# Unheilige Waffe



## DenailX (17. September 2007)

Was bringt Unheilige Waffe? Ich eiß es belegt nem Gegner mit einem Flug, aber mit was für  einem?

Sry,dass ich schon wieder so schnell nen Thread erstellt hab. Hab halt so viele Fragen.


----------



## b1ubb (17. September 2007)

Dieser Inhalt steht nur eingeloggten Mitgliedern zur Verfügung.
        



da kommt einfach ein fluch auf dein gegner - der hat alle 3 sekunden 10 schaden oder so macht .. 
oder die stärke verringert oder whatever ... 

schau mal in den kommentaren nach ... da steht sicher was das bringt 


			Dieser Inhalt steht nur eingeloggten Mitgliedern zur Verfügung.


----------



## Mädchenteam (17. September 2007)

Ähm...ich leih Dir mal 'nen "w" und 'nen "ch" und mops Dir ein"g"  


			Dieser Inhalt steht nur eingeloggten Mitgliedern zur Verfügung.


----------



## Isegrim (17. September 2007)

Mädchenteam schrieb:


> Ähm...ich leih Dir mal 'nen "w" und 'nen "ch" und mops Dir ein"g"
> 
> 
> Dieser Inhalt steht nur eingeloggten Mitgliedern zur Verfügung.
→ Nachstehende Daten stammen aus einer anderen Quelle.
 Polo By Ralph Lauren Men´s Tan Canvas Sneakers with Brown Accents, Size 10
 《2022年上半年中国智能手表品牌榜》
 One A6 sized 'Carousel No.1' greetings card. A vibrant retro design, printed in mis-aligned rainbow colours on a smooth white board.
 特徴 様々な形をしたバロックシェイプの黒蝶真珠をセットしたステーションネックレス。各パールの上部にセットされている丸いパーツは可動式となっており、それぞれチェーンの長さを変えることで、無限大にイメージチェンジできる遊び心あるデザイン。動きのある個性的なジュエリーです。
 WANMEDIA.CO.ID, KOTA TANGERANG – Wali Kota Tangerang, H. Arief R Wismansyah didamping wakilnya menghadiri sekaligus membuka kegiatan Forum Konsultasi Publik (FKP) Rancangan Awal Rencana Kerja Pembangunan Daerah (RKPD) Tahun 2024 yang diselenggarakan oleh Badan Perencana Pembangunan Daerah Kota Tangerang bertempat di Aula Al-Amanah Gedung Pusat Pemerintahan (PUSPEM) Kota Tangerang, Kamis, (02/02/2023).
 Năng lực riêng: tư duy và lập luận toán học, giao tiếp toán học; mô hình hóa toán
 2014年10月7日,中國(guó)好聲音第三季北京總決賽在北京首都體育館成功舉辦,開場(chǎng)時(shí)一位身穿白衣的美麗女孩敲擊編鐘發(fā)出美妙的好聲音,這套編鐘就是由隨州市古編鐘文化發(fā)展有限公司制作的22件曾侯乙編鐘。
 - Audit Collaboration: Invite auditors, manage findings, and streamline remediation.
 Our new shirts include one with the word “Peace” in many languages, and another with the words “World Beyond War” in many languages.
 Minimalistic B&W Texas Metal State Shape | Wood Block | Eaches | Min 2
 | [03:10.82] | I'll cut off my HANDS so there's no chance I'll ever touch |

...und ich klaue dir die -en nach dem 'n. ;P

Zum Thema: Außer für die Optik taugt das Zeug kaum was, jedenfalls gibt es bessere Alternativen. Es verringert lediglich den Schaden, den das mit dem Fluch belegte Ziel anrichtet, für zwölf Sekunden um 15 (_nach_ Einbeziehung aller schadensverändernden Modifikatoren).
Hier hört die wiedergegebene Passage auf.